Udacity Onsite Experience + Emails
In 2018, I was the lead visual designer for Udacity’s Growth and Marketing team, where I worked on a variety features that paved my way into product design.
Nanodegree Overview Pages
Created these description pages each time a Nanodegree launched. I systemized out Sketch templates so these took very little manpower to create in the end, save for some visual design to inject brand and personality.
Nanodegree School Hubs
Early 2018, Udacity rolled out our Schools of Study, to encourage students to explore multiple Nanodegrees within a field interest. Thus, a need for a hub was born. Some early iterations saw a sidebar with an overview of skills and projects, and student stories, but we ultimately scrapped this approach to streamline the tiles and focus the hub on Nanodegrees. With this redesign, we saw increased traffic to our school and Nanodegree pages, as well as an uptick in lead-gen email submissions. The intention of this site was to drive more traffic to our product pages as well as increase awareness of our offerings. Current prototype is available here: desktop and mobile.
Megamenu
Megamenu
Once we expanded our catalog and started categorizing our Nanodegree programs by schools, we needed a more robust navigational bar to give users quicker access to our schools, catalog, and Nanodegree pages. With the new drop down option, I was able to create 4 new pathways to our NDOPs, and after a week, traffic to our NDOPs increased approximately 1200%. Encouraging more intuitive discovery of Udacity.com, Nanodegrees and the respective schools were now more accessible through the global navigation bar. Prototype available here.
New User Email Flow
Updated the New User Flow for with the current look and feel, and to also create a story through a 3-email campaign.
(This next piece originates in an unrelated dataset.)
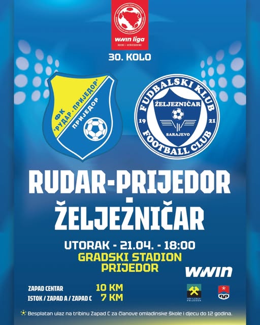 U utakmici 30. kola WWIN lige BiH, na Gradskom stadionu u Prijedoru, “Rudar-Prijedor” sutra igra protiv sarajevskog “Željezničara”. Biće to teška utakmica za Prijedorčane koji se bore za ostanak u Ligi. Susret počinje u 18 časova. Podsjetimo, “Rudar” je u petak u gostima, u uvodnom meču 29. kola, u sudijskoj nadoknadi savladao “Široki Brijeg” sa 1:0.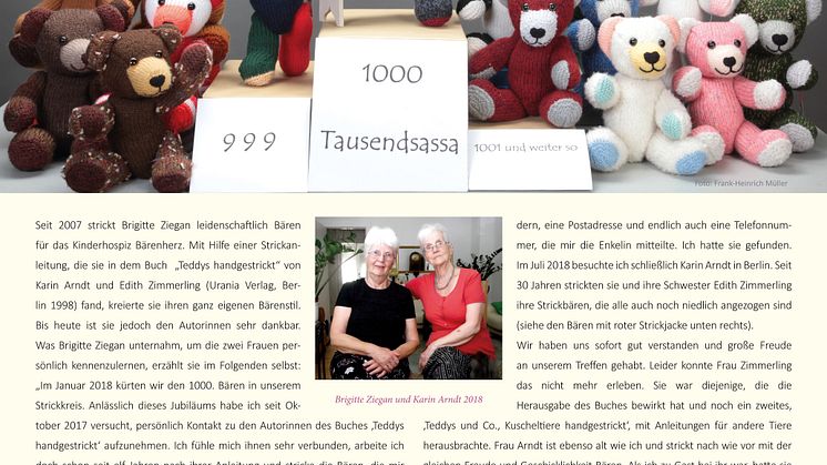 Seit 2007 strickt Brigitte Ziegan leidenschaftlich Bären für das Kinderhospiz Bärenherz. Inzwischen sind weit über 1.000 Bären entstanden und es kribbelt ihr immer noch in den Fingern.

Prospective students gained insight to what exactly is a Nanodegree program, inspiration through other Nanodegree grads, as well as a peek at projects completed by other students.
What is a Nanodegree?
One of the last projects I did for Udacity was creating a page that clearly defined what our flagship product was.
Skill levels, a peek into the classroom, some of classroom features that made the Udacity experience exceptional, our career services, student stories, samples of projects in our programs, and the bottom line. All were incredible value props for Udacity, but there was never a place we could show them prominently to prospective students.